Reproduce only what runs from the line containing "2015922日,我系以班為" to the line containing "Bonnie Plants, established" in the records below, inclusive. Keep it exact, and keep the pictures out.

| Exercise material |
● ● ● ● ●

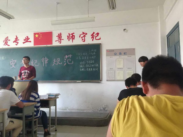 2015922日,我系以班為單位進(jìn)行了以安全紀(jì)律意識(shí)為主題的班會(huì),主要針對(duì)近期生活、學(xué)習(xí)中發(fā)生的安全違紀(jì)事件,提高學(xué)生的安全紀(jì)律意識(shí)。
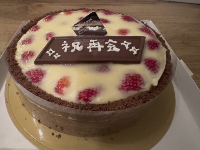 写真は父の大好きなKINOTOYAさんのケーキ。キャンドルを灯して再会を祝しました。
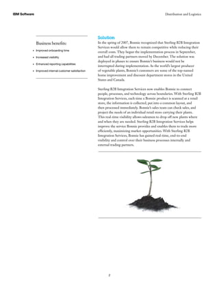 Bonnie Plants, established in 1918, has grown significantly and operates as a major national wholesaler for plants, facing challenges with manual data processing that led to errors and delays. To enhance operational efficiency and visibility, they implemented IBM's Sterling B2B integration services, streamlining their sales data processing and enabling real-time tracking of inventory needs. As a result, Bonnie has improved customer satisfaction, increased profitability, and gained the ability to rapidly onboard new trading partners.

● ● ● ● ●

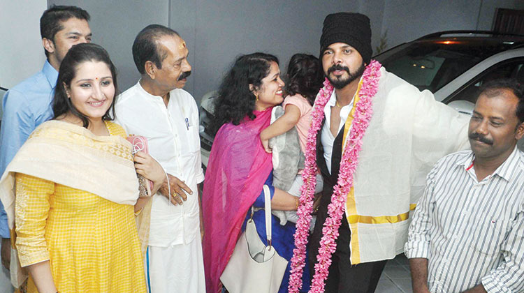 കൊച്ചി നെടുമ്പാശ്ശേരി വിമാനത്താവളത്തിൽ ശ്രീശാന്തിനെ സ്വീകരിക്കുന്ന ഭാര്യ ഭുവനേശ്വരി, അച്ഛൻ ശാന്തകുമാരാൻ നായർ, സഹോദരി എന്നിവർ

● ● ● ● ●

| Exercise output |
 2015922日,我系以班為單位進(jìn)行了以安全紀(jì)律意識(shí)為主題的班會(huì),主要針對(duì)近期生活、學(xué)習(xí)中發(fā)生的安全違紀(jì)事件,提高學(xué)生的安全紀(jì)律意識(shí)。
 写真は父の大好きなKINOTOYAさんのケーキ。キャンドルを灯して再会を祝しました。
 Bonnie Plants, established in 1918, has grown significantly and operates as a major national wholesaler for plants, facing challenges with manual data processing that led to errors and delays. To enhance operational efficiency and visibility, they implemented IBM's Sterling B2B integration services, streamlining their sales data processing and enabling real-time tracking of inventory needs. As a result, Bonnie has improved customer satisfaction, increased profitability, and gained the ability to rapidly onboard new trading partners.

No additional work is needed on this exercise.